By the time he was taken off to prison in 1994, payouts for such claims against priests promised to surpass the rosiest dreams of civil attorneys. The promise was duly realized: In 2003, the Boston Archdiocese paid $85 million for some 54 claimants. The Portland, Ore., Archdiocese, which had already handed over some $53 million, declared bankruptcy in 2004, when confronted with $155 million in new claims. Those of Tucson and Spokane soon did the same.

Fr. MacRae’s own Diocese of Manchester had the distinction, in 2002, of being the first to be threatened with criminal charges. According to the New Hampshire Attorney General’s office, the state was prepared to seek indictments on charges of child endangerment. To avert prosecution, the diocese signed an agreement much publicized by the AG’s office, acknowledging that it was likely that the state could obtain a conviction. (Attorneys familiar with the issue had their doubts about that.) Meanwhile, claims and payments continued apace. By the end of 2004, the Diocese audit showed a total of $22,210,400 — thus far — in settlements.

That the scandals which began reaching flood tide in the late ’90s had to do with charges all too amply documented, and that involved true predators, no one would dispute.
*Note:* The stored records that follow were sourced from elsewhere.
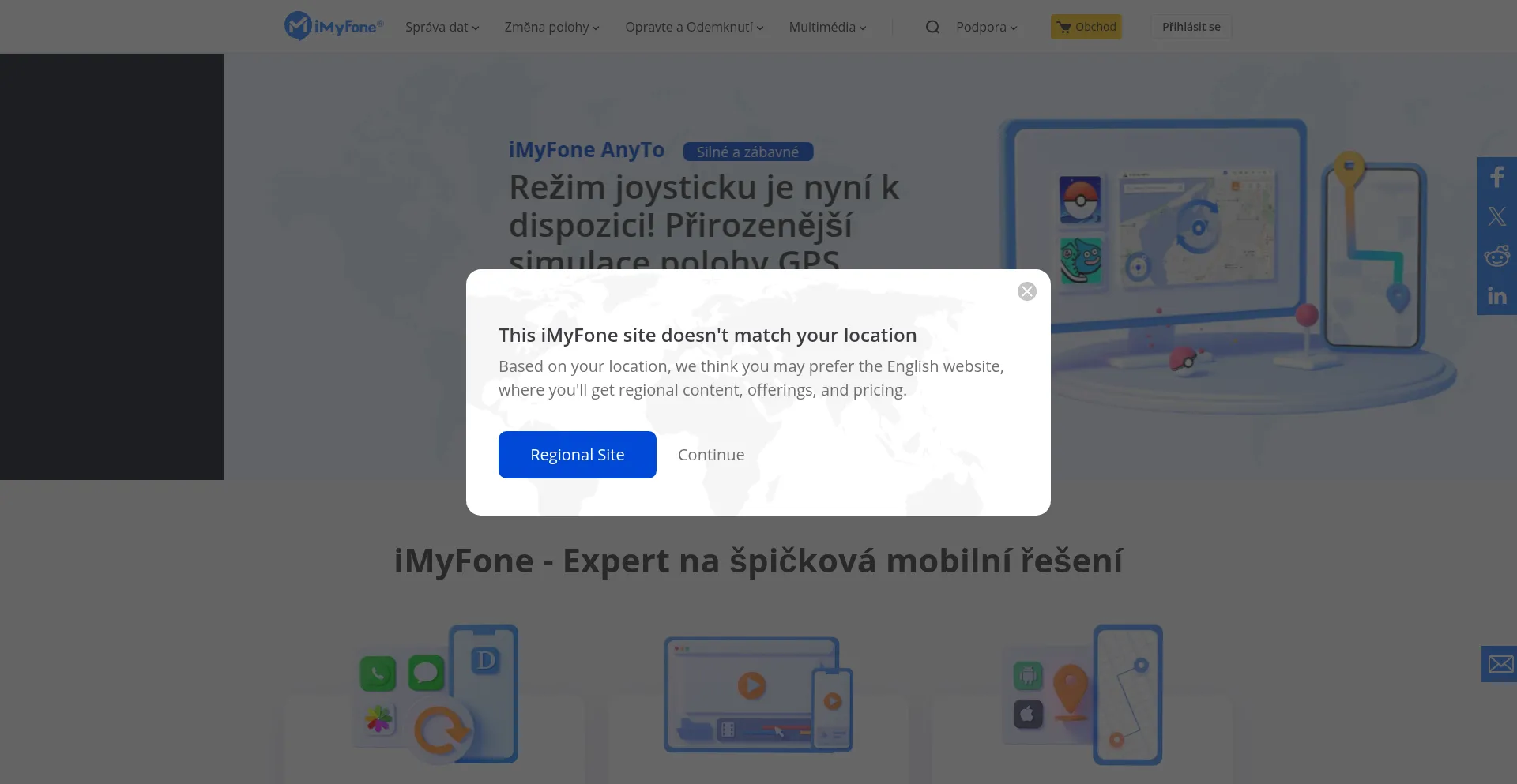 Oficiální stránky iMyFone - softwarová řešení pro iOS, Android a PC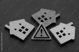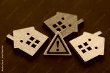 Three Miniature Houses with Warning Exclamation Sign — Real Estate Risk and Hazard Concept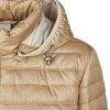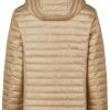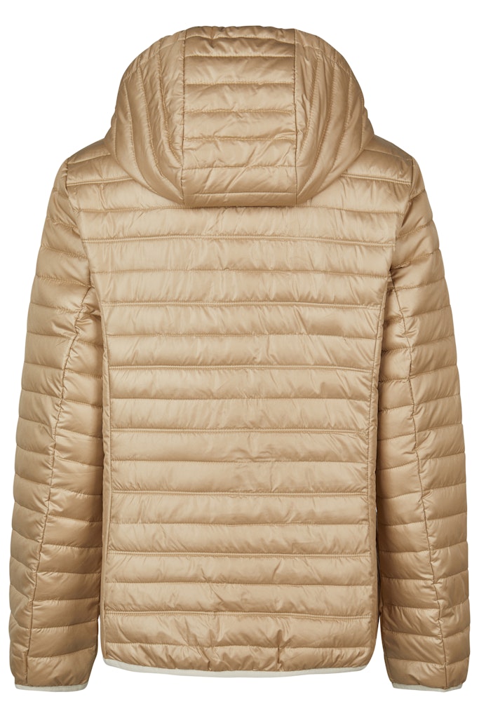 - Luxe Uitstraling: De glanzende champagne kleur in combinatie met de beige bies geeft de jas een chique, moderne look.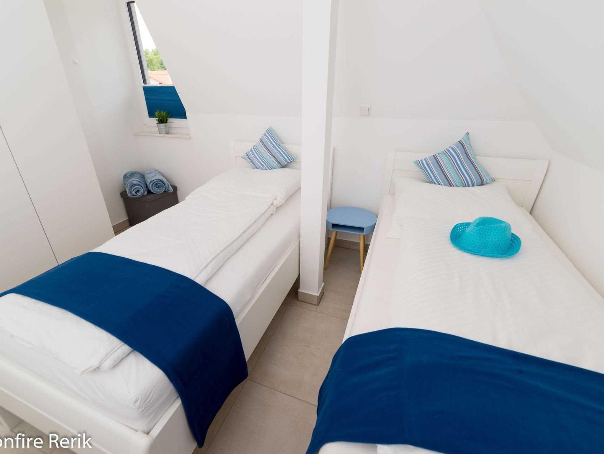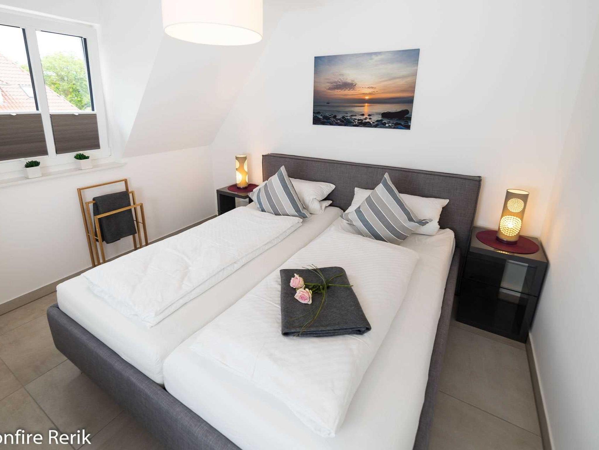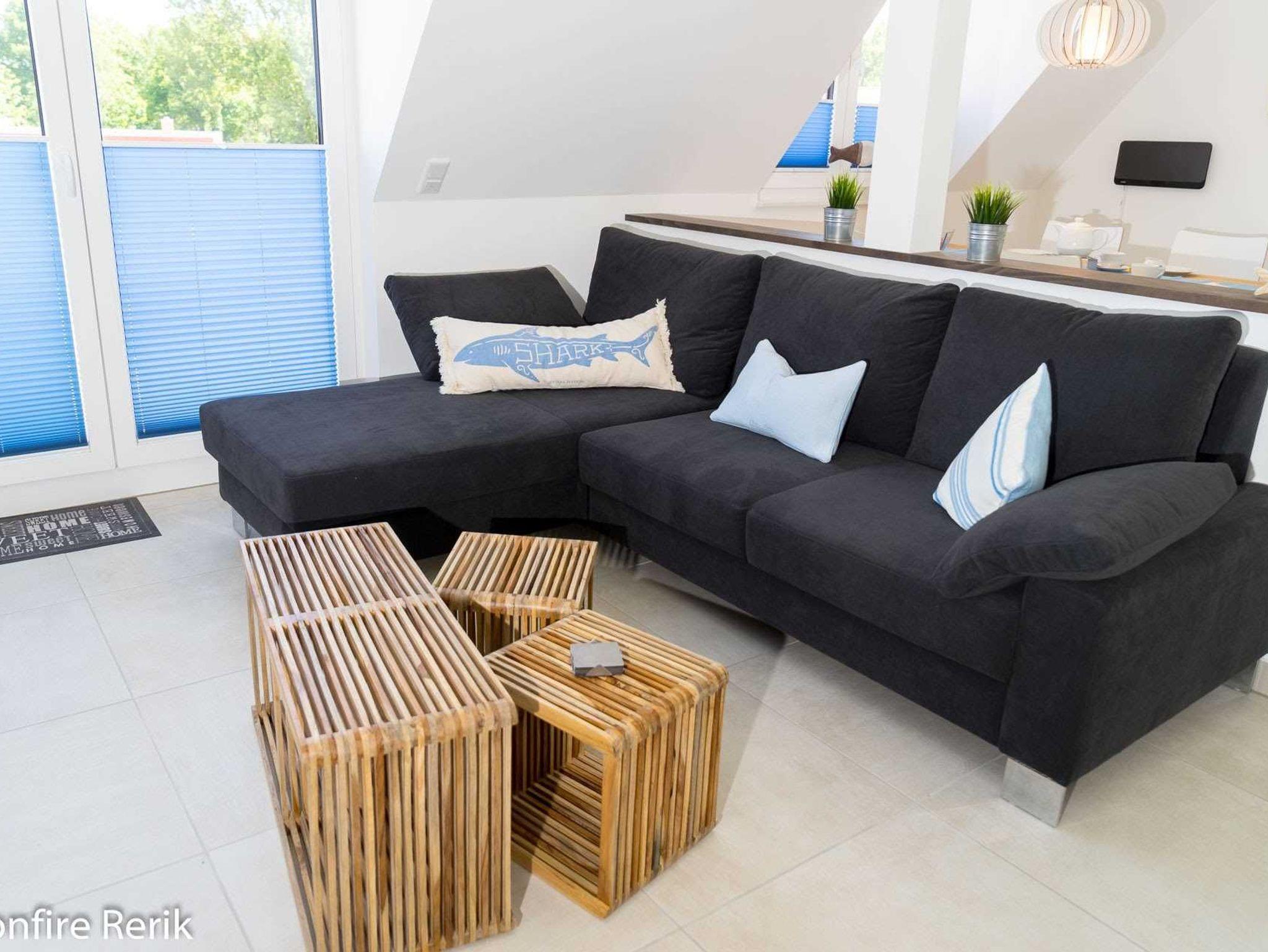 Über den Dächern Reriks, im Obergeschoss des Hauses Blinkfüer, befindet sich Ihr Urlaubs-Domizil. Die Maisonette-Ferienwohnung „Bonfire“ ist sehr großzügig und offen geschnitten, sowie maritim und sehr modern eingerichtet. Im offenen Wohnraum mit viel natürlichem Licht und über 5 Meter Raumhöhe finden Sie eine vollausgestattete Küche, einen großzügigen Essplatz und eine gemütliche Couchecke. In zwei Schlafzimmern plus Galerie können 1-5 Personen (und ein Kleinkind im Reisebett) erholsam schlafen. Alle Betten bieten Komforthöhe und besitzen hochwertige Matratzen, Kissen und Decken.

Nor can there be much doubt that those scandals, their non-stop press coverage, and the irresistible pressure on the Church to show proof of cleansing resulted in a system that rewarded false claims along with the true. An expensive arrangement, that — in more ways than one.

* * *

No one would be more aware of that than Gordon MacRae, whose infuriated response to the Nixon Peabody attorney included reference to “the settlement game.” He didn’t trouble to mention the cost the game had exacted in his case. For the last few years, he has shared a seven-and-a-half by 14 foot cell with one other inmate at the New Hampshire State Penitentiary. For this, he is thankful as only a prisoner can be who had had the experience of being housed, his first five years in prison, with eight men in a cell built for four. Every inmate ever placed in such a cell lives in fear of having to return and he is no exception, he notes. Still it had been easier on him than some around him.

“I had an interior life — others had less.”
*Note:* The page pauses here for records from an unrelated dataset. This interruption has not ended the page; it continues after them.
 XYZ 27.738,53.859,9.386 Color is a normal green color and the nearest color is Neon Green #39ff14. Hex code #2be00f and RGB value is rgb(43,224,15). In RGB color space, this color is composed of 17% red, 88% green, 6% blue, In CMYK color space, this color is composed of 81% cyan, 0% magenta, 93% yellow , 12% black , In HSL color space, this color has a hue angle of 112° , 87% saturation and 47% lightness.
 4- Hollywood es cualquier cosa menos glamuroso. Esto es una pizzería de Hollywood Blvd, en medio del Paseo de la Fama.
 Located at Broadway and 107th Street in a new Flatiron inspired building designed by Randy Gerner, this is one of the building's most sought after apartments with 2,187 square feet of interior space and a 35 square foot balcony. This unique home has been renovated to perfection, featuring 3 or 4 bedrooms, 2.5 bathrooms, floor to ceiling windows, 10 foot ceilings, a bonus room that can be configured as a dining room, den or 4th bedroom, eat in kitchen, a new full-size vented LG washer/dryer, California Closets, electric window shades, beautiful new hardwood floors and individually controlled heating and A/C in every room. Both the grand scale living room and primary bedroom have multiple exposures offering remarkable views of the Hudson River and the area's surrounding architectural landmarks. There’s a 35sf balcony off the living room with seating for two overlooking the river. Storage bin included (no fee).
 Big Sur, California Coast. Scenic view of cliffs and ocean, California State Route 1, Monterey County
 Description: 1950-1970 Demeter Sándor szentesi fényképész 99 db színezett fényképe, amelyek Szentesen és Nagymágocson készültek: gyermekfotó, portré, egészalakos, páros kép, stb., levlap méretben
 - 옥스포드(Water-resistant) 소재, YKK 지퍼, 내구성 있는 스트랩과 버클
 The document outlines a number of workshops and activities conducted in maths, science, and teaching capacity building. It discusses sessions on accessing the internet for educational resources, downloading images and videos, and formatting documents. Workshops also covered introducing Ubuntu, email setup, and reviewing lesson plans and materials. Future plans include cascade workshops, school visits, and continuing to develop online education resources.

At St. Bernard Parish in New Hampshire, the patient, energetic young Fr. MacRae was the one chosen for work with troubled teenagers, invariably assigned to drug addiction centers. Through it all he remained oblivious to snares that might lie in the path of a priest for the young and needy. He was soon to be educated.

In the spring of 1983, 14-year-old Lawrence Carnevale cried bitterly upon learning that Fr. Gordon, whom he adored, was to move to another parish, and threw himself onto the priest’s lap. He made phone calls to Fr. Gordon at his new parish. Within a few months, the youth told his psychotherapist that Fr. Gordon had kissed him. Three years later — expelled from his Catholic High School for carrying a weapon — he told a counselor that the priest had fondled him and run his hands up his leg. At roughly the same time, he accused a male teacher at St. Thomas High School of making advances to him, then made the same allegation against his study hall teacher at Winnacunnet High School. Police Detective Arthur Wardell, who investigated, concluded in his report that this was a young man who basked in the attention such charges brought him, and that there was no basis to them.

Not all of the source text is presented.